EXERCISE GOAL: Print the whole listing again exactly as it stands, leaving out any images.

THE DATA:
++++++++

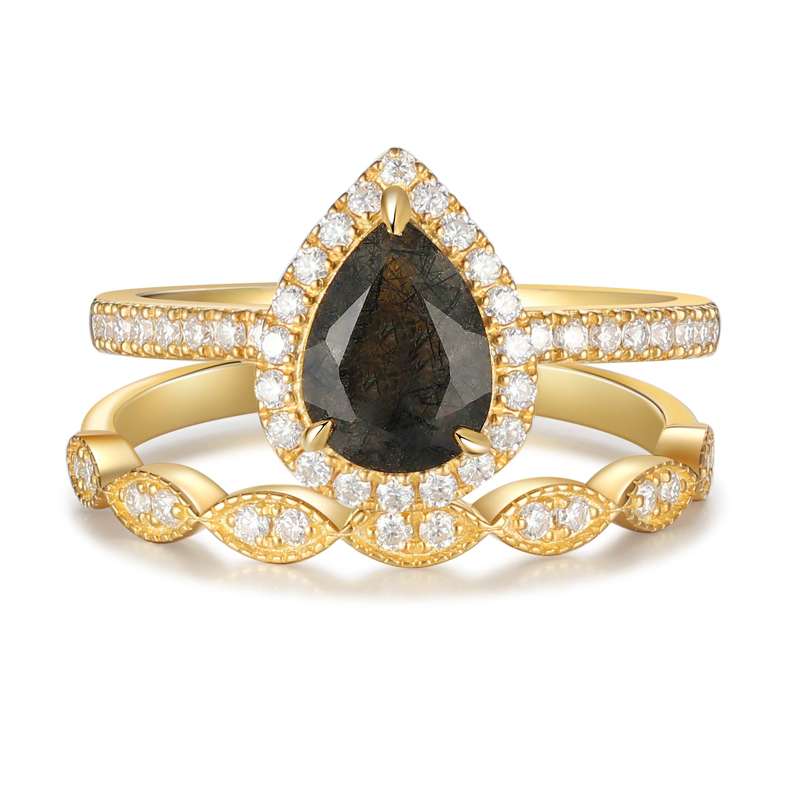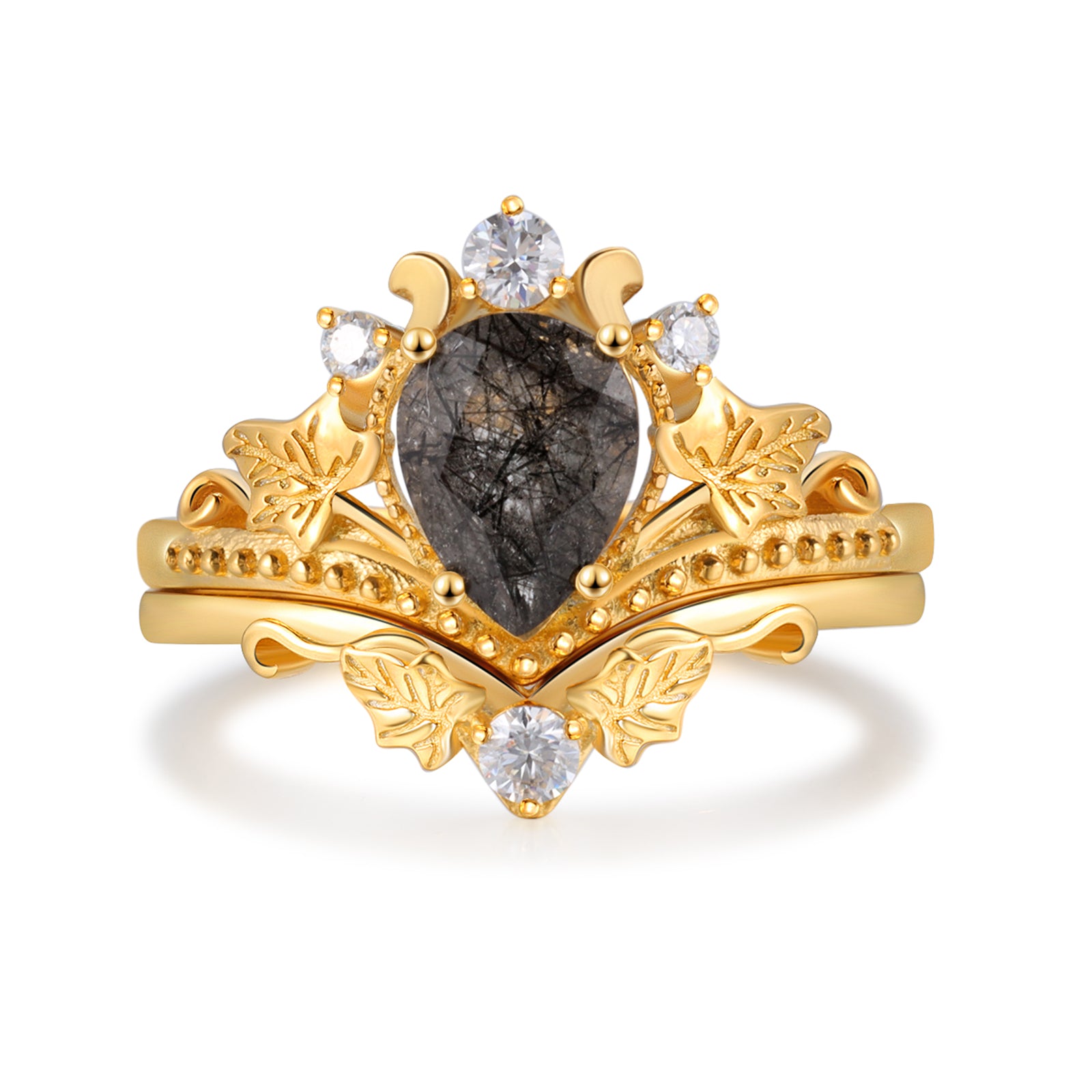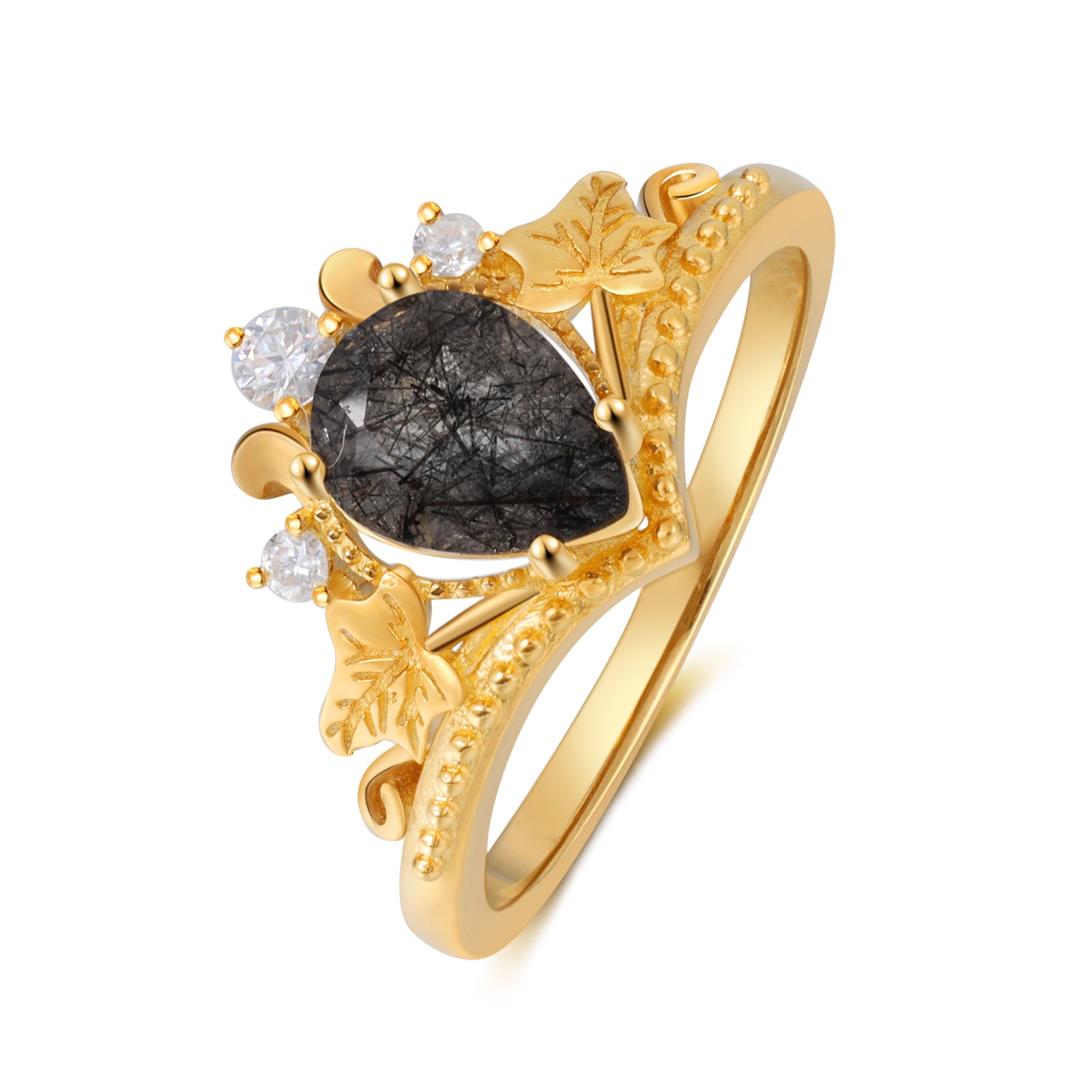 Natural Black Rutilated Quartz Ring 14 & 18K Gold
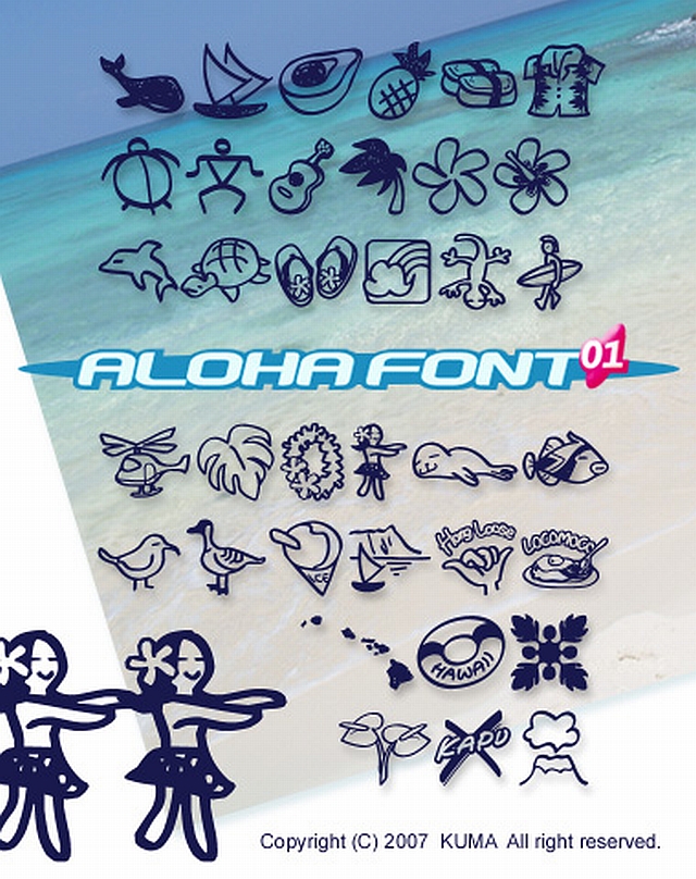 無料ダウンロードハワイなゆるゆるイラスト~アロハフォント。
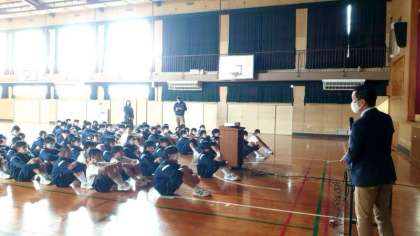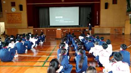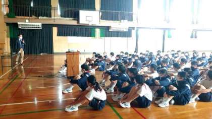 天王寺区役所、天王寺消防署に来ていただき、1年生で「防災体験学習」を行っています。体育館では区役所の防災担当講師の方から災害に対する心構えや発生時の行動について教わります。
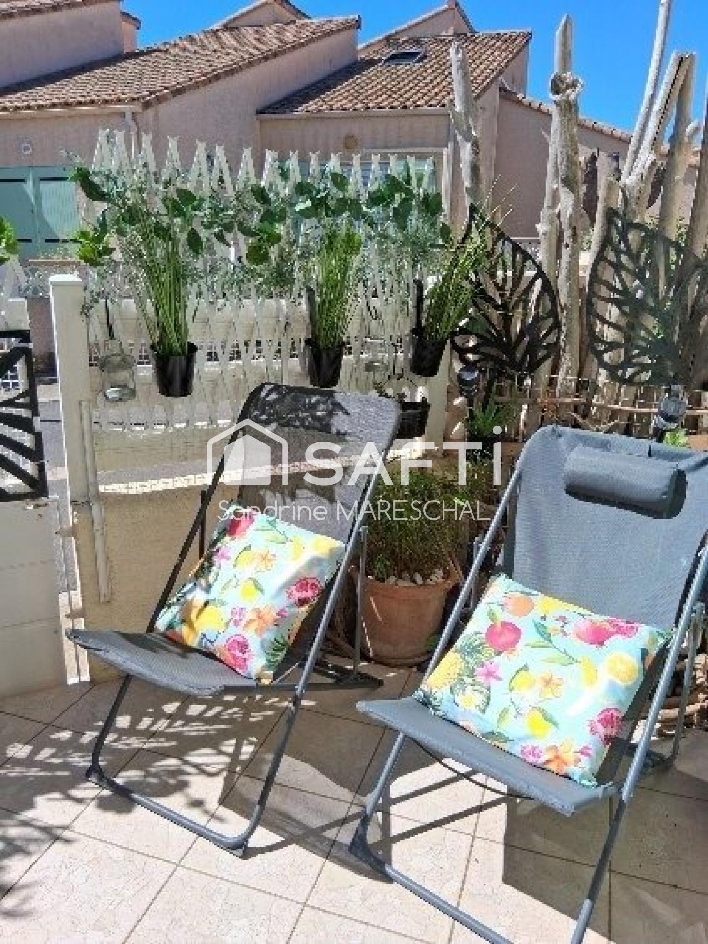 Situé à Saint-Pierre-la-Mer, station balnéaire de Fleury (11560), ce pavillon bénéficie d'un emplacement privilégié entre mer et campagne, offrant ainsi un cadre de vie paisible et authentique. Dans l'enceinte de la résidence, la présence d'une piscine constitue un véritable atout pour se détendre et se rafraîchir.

++++++++

WRITTEN ANSWER:
 Natural Black Rutilated Quartz Ring 14 & 18K Gold
 無料ダウンロードハワイなゆるゆるイラスト~アロハフォント。
 天王寺区役所、天王寺消防署に来ていただき、1年生で「防災体験学習」を行っています。体育館では区役所の防災担当講師の方から災害に対する心構えや発生時の行動について教わります。
 Situé à Saint-Pierre-la-Mer, station balnéaire de Fleury (11560), ce pavillon bénéficie d'un emplacement privilégié entre mer et campagne, offrant ainsi un cadre de vie paisible et authentique. Dans l'enceinte de la résidence, la présence d'une piscine constitue un véritable atout pour se détendre et se rafraîchir.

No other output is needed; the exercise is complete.